→ Exercise aim
Copy exactly the lines that run from the top of the listing to the line containing "O. K. Centrum", both ends included, and omit the pictures.

→ Data supplied
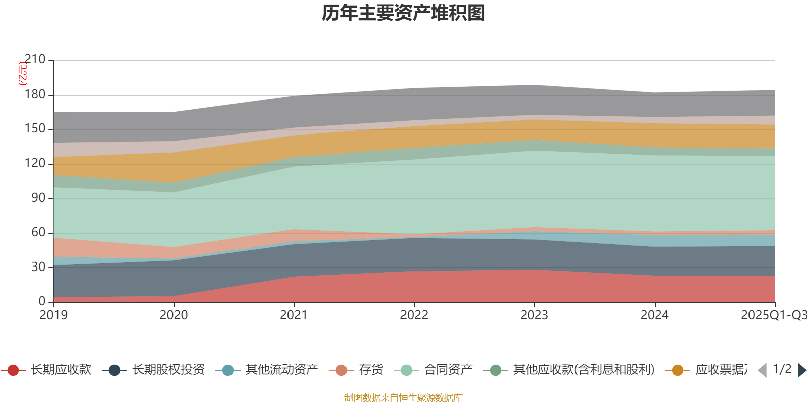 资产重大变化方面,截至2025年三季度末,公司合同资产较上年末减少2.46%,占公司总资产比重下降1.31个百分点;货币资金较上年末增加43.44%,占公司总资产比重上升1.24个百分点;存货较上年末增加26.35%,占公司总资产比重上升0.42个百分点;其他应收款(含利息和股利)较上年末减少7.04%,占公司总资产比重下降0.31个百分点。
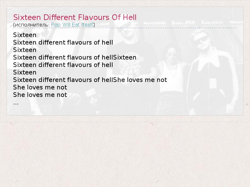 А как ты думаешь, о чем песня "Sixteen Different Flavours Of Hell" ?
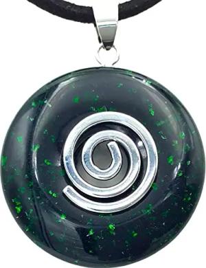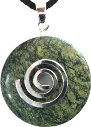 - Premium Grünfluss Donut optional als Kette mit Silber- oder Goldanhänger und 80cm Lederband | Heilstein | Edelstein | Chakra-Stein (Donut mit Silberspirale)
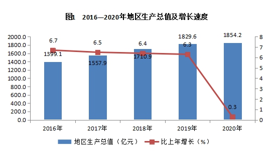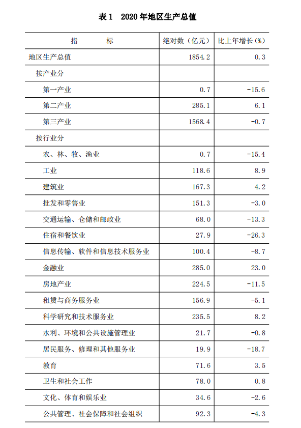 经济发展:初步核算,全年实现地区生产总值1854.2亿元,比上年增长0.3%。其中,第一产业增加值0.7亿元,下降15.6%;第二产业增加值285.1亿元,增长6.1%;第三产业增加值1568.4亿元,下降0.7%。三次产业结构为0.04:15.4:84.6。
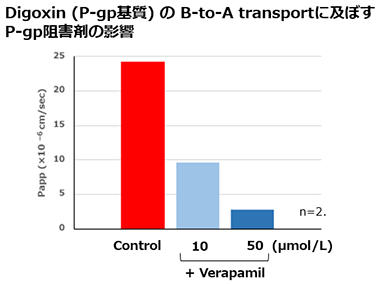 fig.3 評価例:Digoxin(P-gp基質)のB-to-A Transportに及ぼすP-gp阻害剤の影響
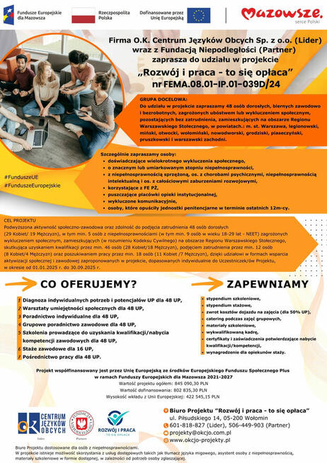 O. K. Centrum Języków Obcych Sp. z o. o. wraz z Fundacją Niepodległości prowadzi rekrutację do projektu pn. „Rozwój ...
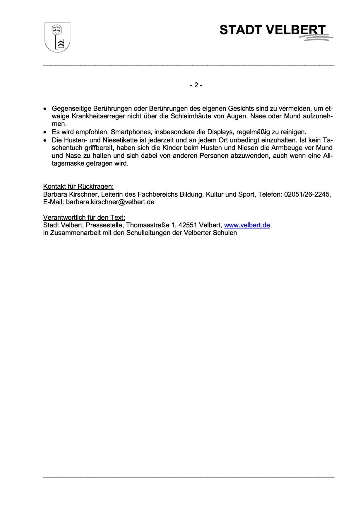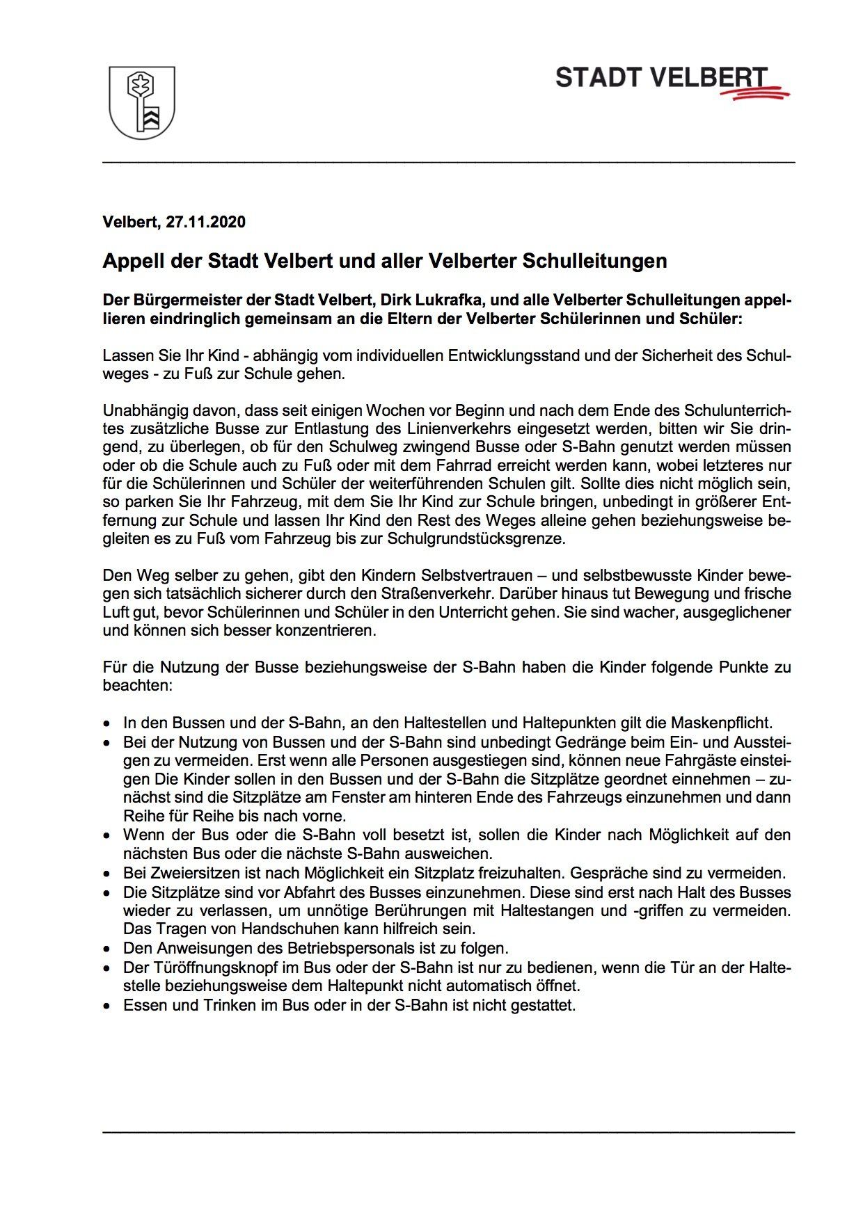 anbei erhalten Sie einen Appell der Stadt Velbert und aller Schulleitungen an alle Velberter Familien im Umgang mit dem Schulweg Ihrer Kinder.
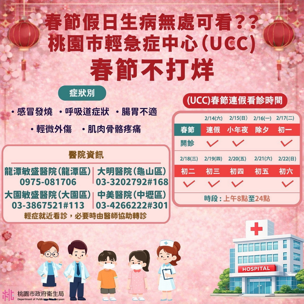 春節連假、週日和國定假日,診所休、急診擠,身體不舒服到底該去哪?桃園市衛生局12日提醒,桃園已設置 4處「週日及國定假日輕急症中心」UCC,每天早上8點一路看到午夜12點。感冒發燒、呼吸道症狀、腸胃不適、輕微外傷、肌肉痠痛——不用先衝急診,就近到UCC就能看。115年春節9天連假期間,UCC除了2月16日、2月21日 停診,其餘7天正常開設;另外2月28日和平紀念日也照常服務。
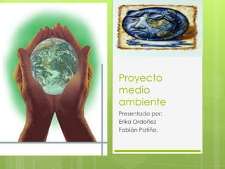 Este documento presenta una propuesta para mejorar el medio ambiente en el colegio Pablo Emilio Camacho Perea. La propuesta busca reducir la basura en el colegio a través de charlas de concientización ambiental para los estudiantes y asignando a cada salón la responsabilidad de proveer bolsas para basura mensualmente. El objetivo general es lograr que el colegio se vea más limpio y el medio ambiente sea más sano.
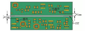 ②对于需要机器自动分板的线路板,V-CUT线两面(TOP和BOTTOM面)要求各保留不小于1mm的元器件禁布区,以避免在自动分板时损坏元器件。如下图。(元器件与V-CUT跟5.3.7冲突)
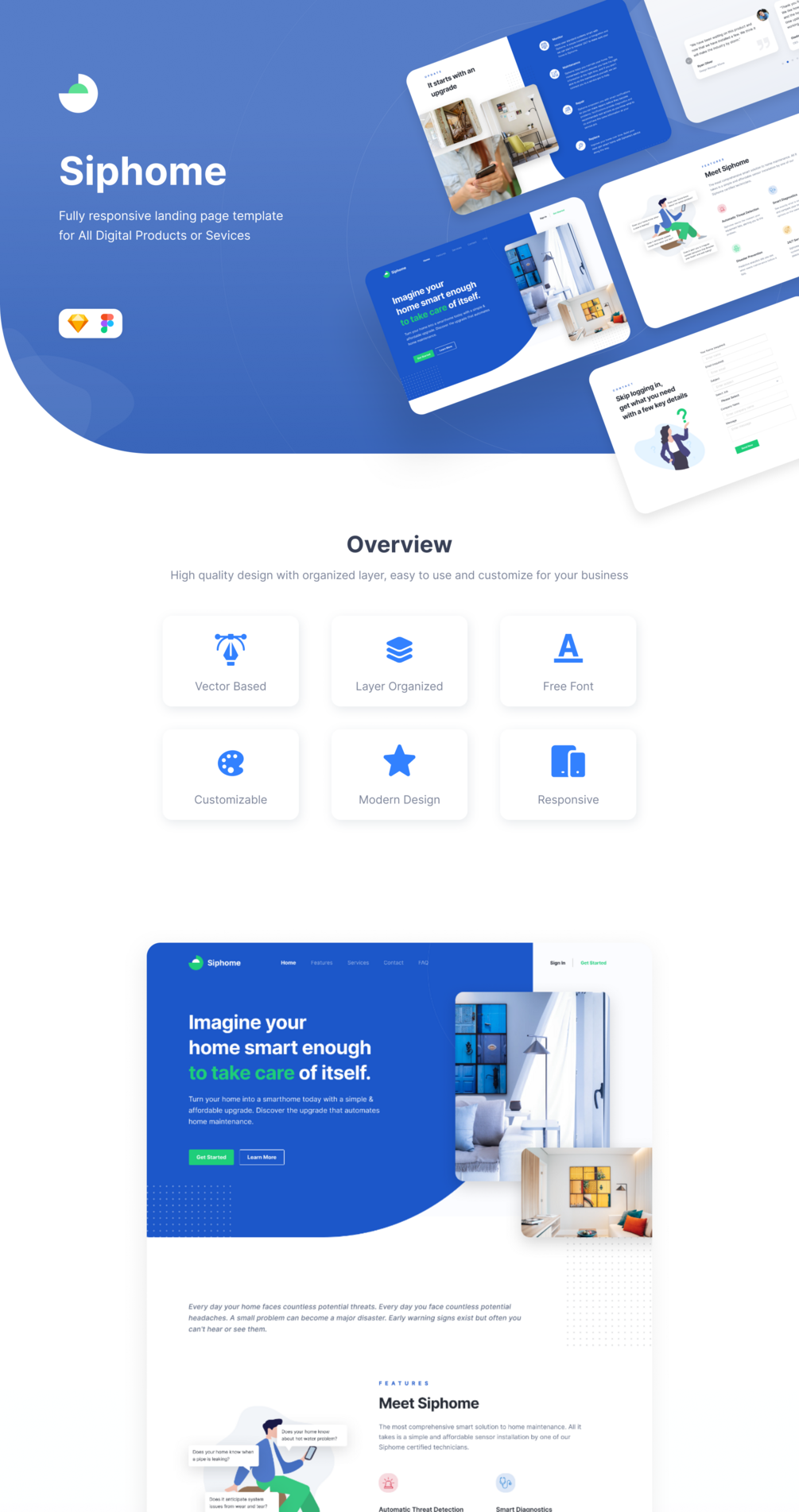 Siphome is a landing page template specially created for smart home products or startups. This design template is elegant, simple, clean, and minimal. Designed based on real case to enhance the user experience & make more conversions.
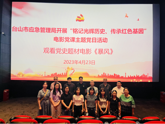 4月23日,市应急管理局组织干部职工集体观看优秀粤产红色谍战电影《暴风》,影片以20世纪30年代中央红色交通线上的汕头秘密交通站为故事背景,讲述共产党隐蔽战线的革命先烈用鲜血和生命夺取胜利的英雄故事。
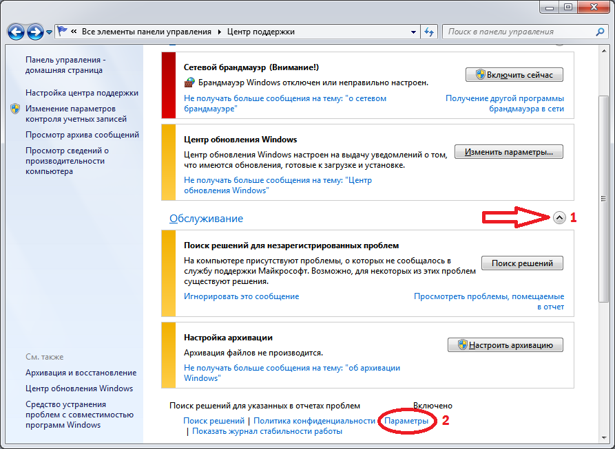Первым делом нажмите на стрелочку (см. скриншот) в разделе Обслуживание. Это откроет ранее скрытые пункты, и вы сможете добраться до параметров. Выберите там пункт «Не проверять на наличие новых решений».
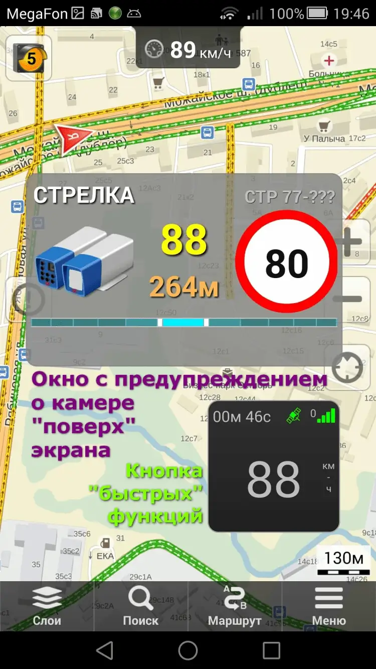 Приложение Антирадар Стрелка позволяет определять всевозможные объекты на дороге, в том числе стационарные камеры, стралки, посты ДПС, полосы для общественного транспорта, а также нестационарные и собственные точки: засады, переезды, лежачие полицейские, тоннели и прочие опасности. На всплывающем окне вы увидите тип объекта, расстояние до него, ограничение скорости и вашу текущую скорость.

→ Answer to this task
 资产重大变化方面,截至2025年三季度末,公司合同资产较上年末减少2.46%,占公司总资产比重下降1.31个百分点;货币资金较上年末增加43.44%,占公司总资产比重上升1.24个百分点;存货较上年末增加26.35%,占公司总资产比重上升0.42个百分点;其他应收款(含利息和股利)较上年末减少7.04%,占公司总资产比重下降0.31个百分点。
 А как ты думаешь, о чем песня "Sixteen Different Flavours Of Hell" ?
 - Premium Grünfluss Donut optional als Kette mit Silber- oder Goldanhänger und 80cm Lederband | Heilstein | Edelstein | Chakra-Stein (Donut mit Silberspirale)
 经济发展:初步核算,全年实现地区生产总值1854.2亿元,比上年增长0.3%。其中,第一产业增加值0.7亿元,下降15.6%;第二产业增加值285.1亿元,增长6.1%;第三产业增加值1568.4亿元,下降0.7%。三次产业结构为0.04:15.4:84.6。
 fig.3 評価例:Digoxin(P-gp基質)のB-to-A Transportに及ぼすP-gp阻害剤の影響
 O. K. Centrum Języków Obcych Sp. z o. o. wraz z Fundacją Niepodległości prowadzi rekrutację do projektu pn. „Rozwój ...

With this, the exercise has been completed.